Adenauers Kiste

In den 1980er Jahren bin ich sehr oft in Italien. Ich liebe es, mit meiner damaligen Freundin dorthin zu fahren. Sie fährt gerne Auto und ich genieße unterwegs die wunderschöne vorbeiziehende Landschaft vom Beifahrersitz aus. Toskana, Umbrien, Lombardei. Damals hatte ich den köstlichen Parmesan kennengelernt, den es in den kleinen Lebensmittelläden zu kaufen gab. Ich hatte mir angewöhnt, während der Fahrt immer an einem Stück zu knabbern.

Wir sind am Comer-See und ich brauche Parmesan-Nachschub. Der kleine Ort an der Uferstraße verfügt über einen Alimentari (Lebensmittelladen). Hier könnte ich Glück haben. Als ich dort eintrete ist der Laden leer und es riecht etwas muffig in den alten Gemäuern. Vielleicht liegt es aber auch am Käse. Den gibt es jedenfalls hier. Eine Frau mittleren Alters tritt hinter die Ladentheke. Typ italienische Mama. Nachdem sie mir ein schönes Stück Parmesan verkauft hat, fragt sie: „Sei tedesco?“ (Bist du Deutscher?) Ja, bin ich. Sie geht nach hinten, wo nur noch wenig Licht hinkommt und winkt mich heran. „Komm mal mit!“ Ich frage mich zwar, was jetzt wohl kommen wird, aber ich folge ihr.

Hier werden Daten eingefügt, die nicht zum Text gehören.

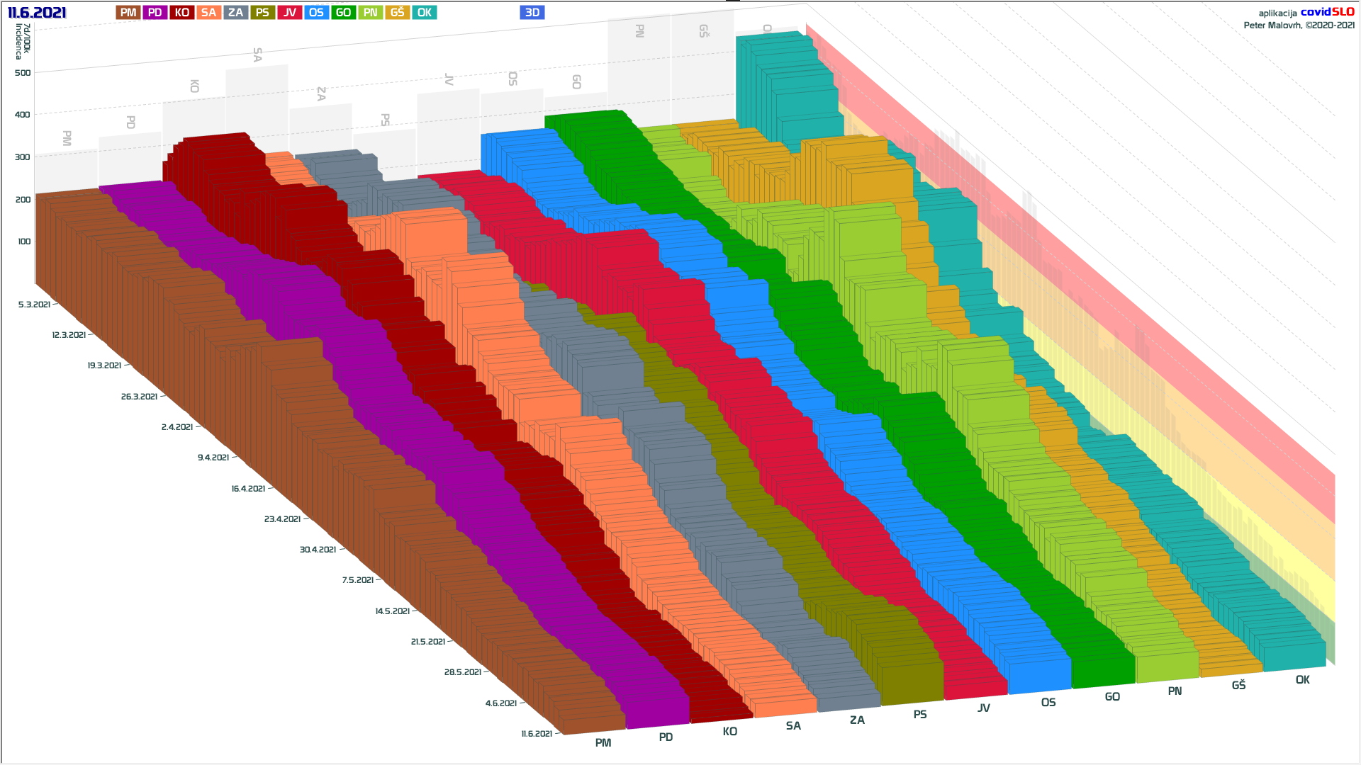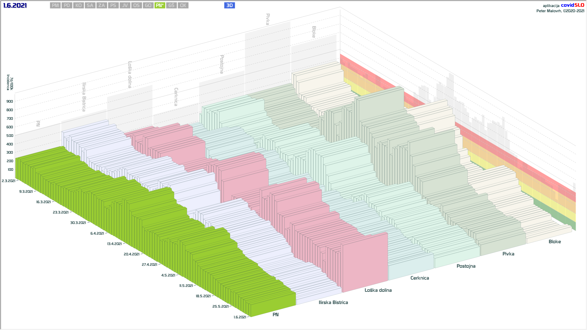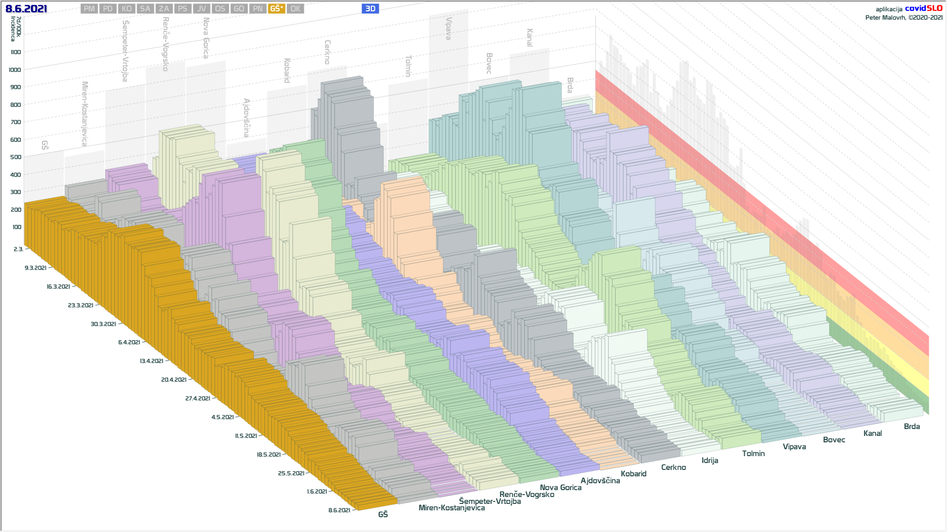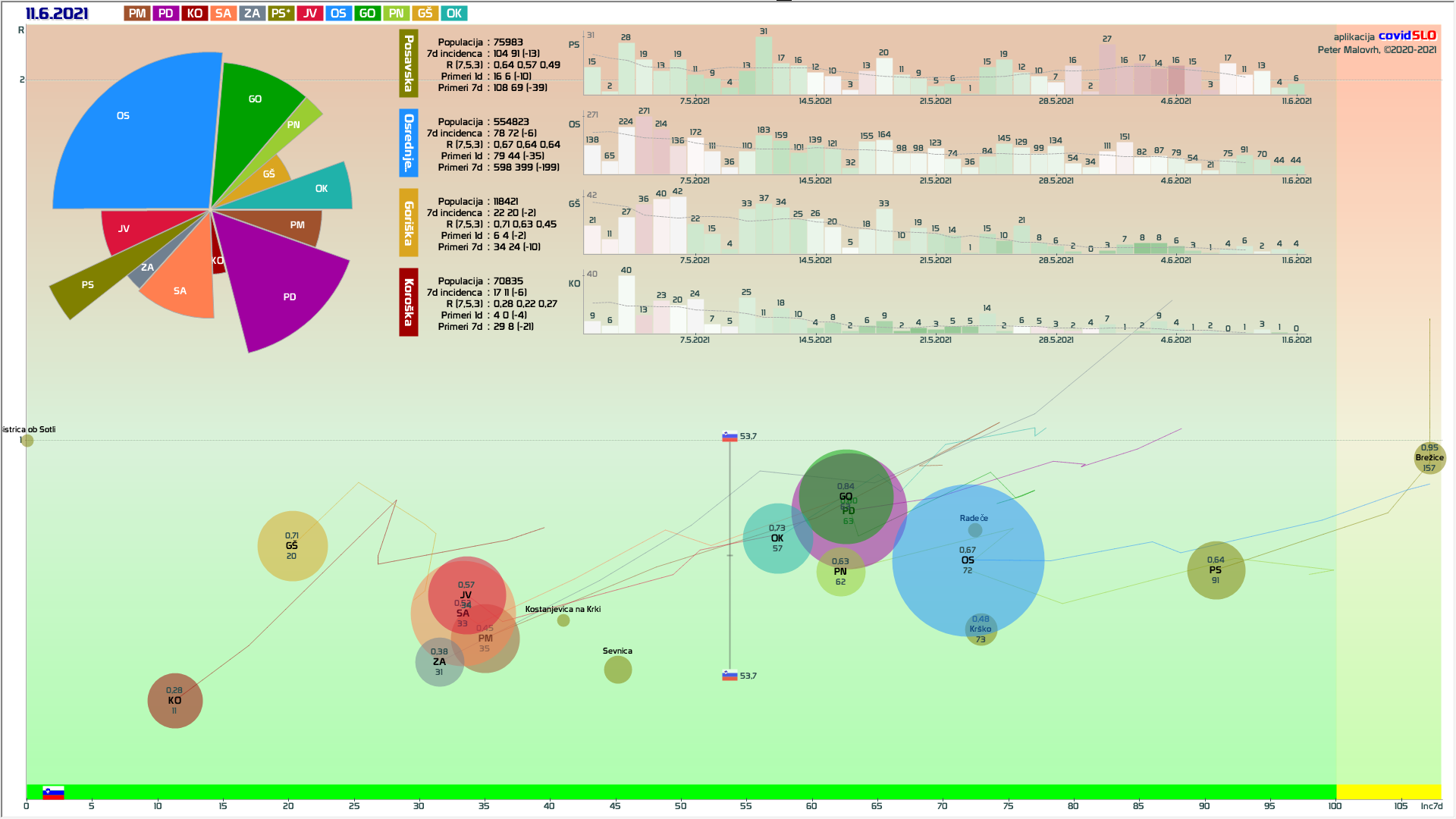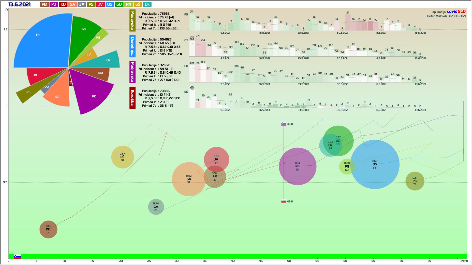 10 zelenih regij (KO, SA, PM, PS, GŠ, PD, GO, OK, JV, od danes ZA), 2 rumeni regiji (OS, PN)

Sie öffnet eine Tür und zeigt mir ihren Lagerraum. Es ist dunkel und kühl. Jede Menge Getränkekisten, aber auch Gerümpel. An der Wand, zwischen Kisten voller Äpfel, Zwiebeln und Zucchini, dient eine umgedrehte Kiste als Hocker. Sie zeigt auf diese Kiste und sagt: „Hier hat er immer gesessen. Immer wenn er da war, kam er zu mir und hat sich mir anvertraut.“ Ich ahne, wen sie meint. Das Dorf hier heißt schließlich Cadenabbia. Sie bestätigt es. „Konrad Adenauer. Hier fand er seine Ruhe. Er war ein sehr netter Mensch!“, seufzt sie und dabei schaut sie versonnen auf die Kiste. Man sieht ihr noch an, dass sie damals eine sehr hübsche junge Frau gewesen sein muss. Ich lass die Szene noch ein wenig auf mich wirken dann bedanke ich mich bei ihr und gehe etwas irritiert zurück zum Auto.

Während der nächsten halben Stunde knabbere ich stumm an meinem Parmesan.